Joining a specially designed postpartum fitness program 4-6 weeks following the birth will increase the new mother’s activity level, strengthen her body, improve muscle tone, encourage weight loss and give her a sense of overall well-being. A mother and baby fitness program often provides a new mother with an environment which is conducive to building confidence in parenting skills, provides an opportunity to share experience, acquire new information, debate ideas and build strong bonds with the other participants.

There is no question that childbearing falls under the category of a stressful life cycle event. Even though having a baby is generally a positive experience for most people, the event does initiate something new and unknown which challenges the body systems in unexpected ways. Like other life cycle events (marriage, death of a loved one, retirement, moving, etc.) childbearing causes changes to occur in a woman’s normal routines and patterns. During the childbearing year sleeping, eating, leisure and sexual patterns are altered.

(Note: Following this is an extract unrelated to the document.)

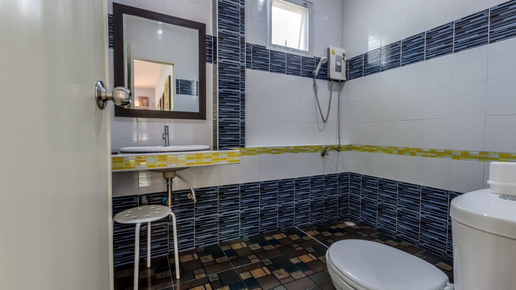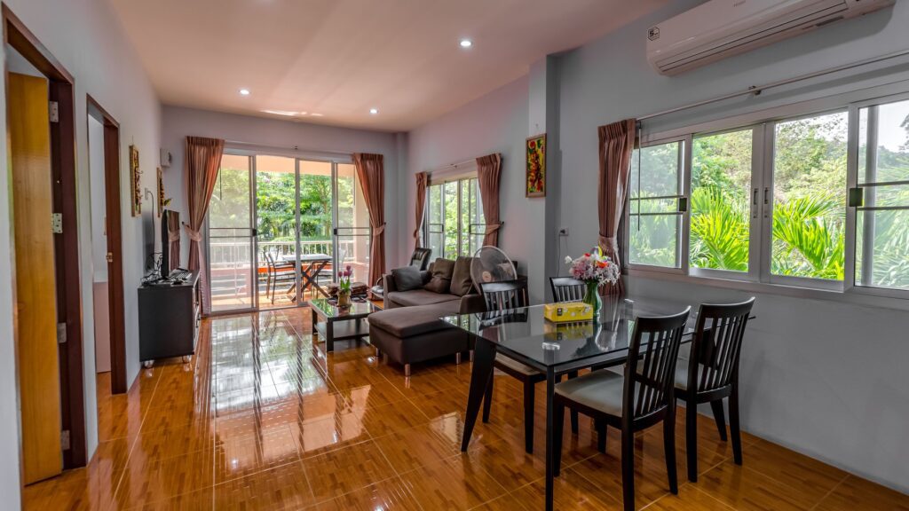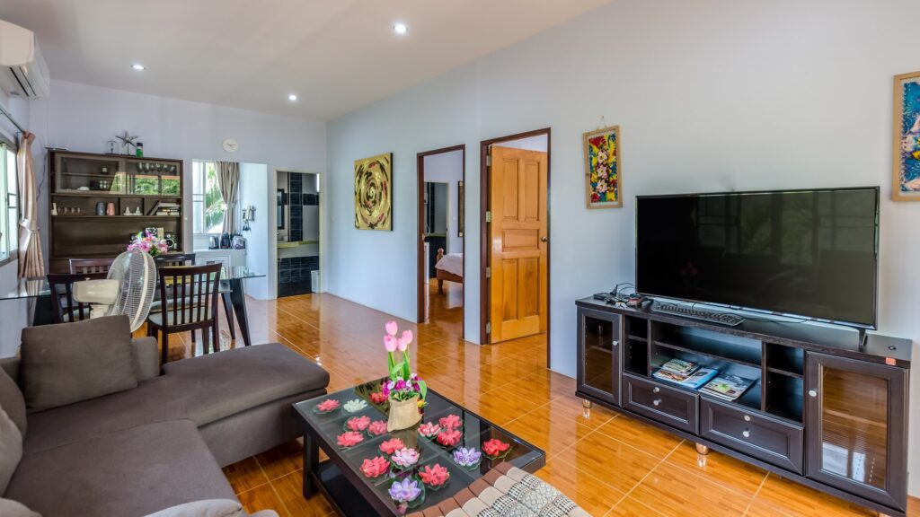 • Living room with 1 large aircon, big smart TV with free Netflix, fan, safe

It is well recognized that when a person experiences a stressful life cycle event she (or he) is at greater risk of becoming ill and exhibiting physical ailments. Recurrent infections (gastrointestinal, bronchial, sinus), herpes outbreaks, back problems are examples of physical ways the body breaks down under stress. For a substantial group of the population the breakdown will be mental or psychological rather than physical in nature. These people will become ill with depression or anxiety, both conditions coming under the diagnosis of PPD.

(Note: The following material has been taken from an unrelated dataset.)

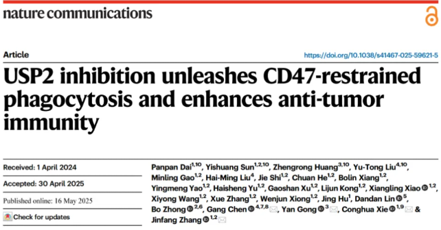 CD47/SIRPα軸傳遞“不要吃我”的信號,從而阻礙腫瘤細(xì)胞的吞噬清除。盡管靶向CD47的阻斷抗體在臨床前模型中顯示出有希望的抗腫瘤效果,但涉及人類癌癥患者的臨床試驗尚未產(chǎn)生理想的結(jié)果。探索CD47的調(diào)控機制對于設(shè)計更有效的組合療法至關(guān)重要。在這里,作者報告說,抑制USP2會促進(jìn)CD47降解并重塑腫瘤微環(huán)境(TME),從而增強抗PD-1免疫治療。從機制上講,USP2與CD47相互作用,通過去泛素化修飾使其蛋白穩(wěn)定。抑制USP2會破壞CD47的穩(wěn)定性,從而增強巨噬細(xì)胞的吞噬作用。單細(xì)胞RNA測序顯示抑制USP2重編程TME,具體表現(xiàn)為抑制USP2增加M1巨噬細(xì)胞和CD8+T細(xì)胞的浸潤,同時減少M2巨噬細(xì)胞的浸潤。將ML364與抗PD-1抗體聯(lián)合使用可減輕小鼠模型中的腫瘤負(fù)擔(dān)。在臨床水平上,USP2低表達(dá)預(yù)示著對抗PD-1治療的更好反應(yīng)。作者的發(fā)現(xiàn)揭示了USP2對CD47的調(diào)控機制,靶向這一信號軸可以增強抗腫瘤免疫。

General society has a certain comfort level regarding physical illness. People know how to respond when a family member or friend is experiencing a bad cold or a strained back. They know how to suggest echinacea, orange juice or the name of a chiropractor. When faced with a family member or friend who is experiencing panic attacks, fatigue or lethargy people often don't know what to do or how to respond. There is stigma associated with mental illness.

In recent years the issue of postpartum depression has begun to receive more media attention. Marie Osmond brought the issue front and centre when she appeared on the Oprah Winfrey Show and shared her postpartum depression experience which followed the birth of her last child.

By bringing this illness out from the shadows more PPD women will receive timely and better treatment, and compassion and support for the challenges of the postpartum period.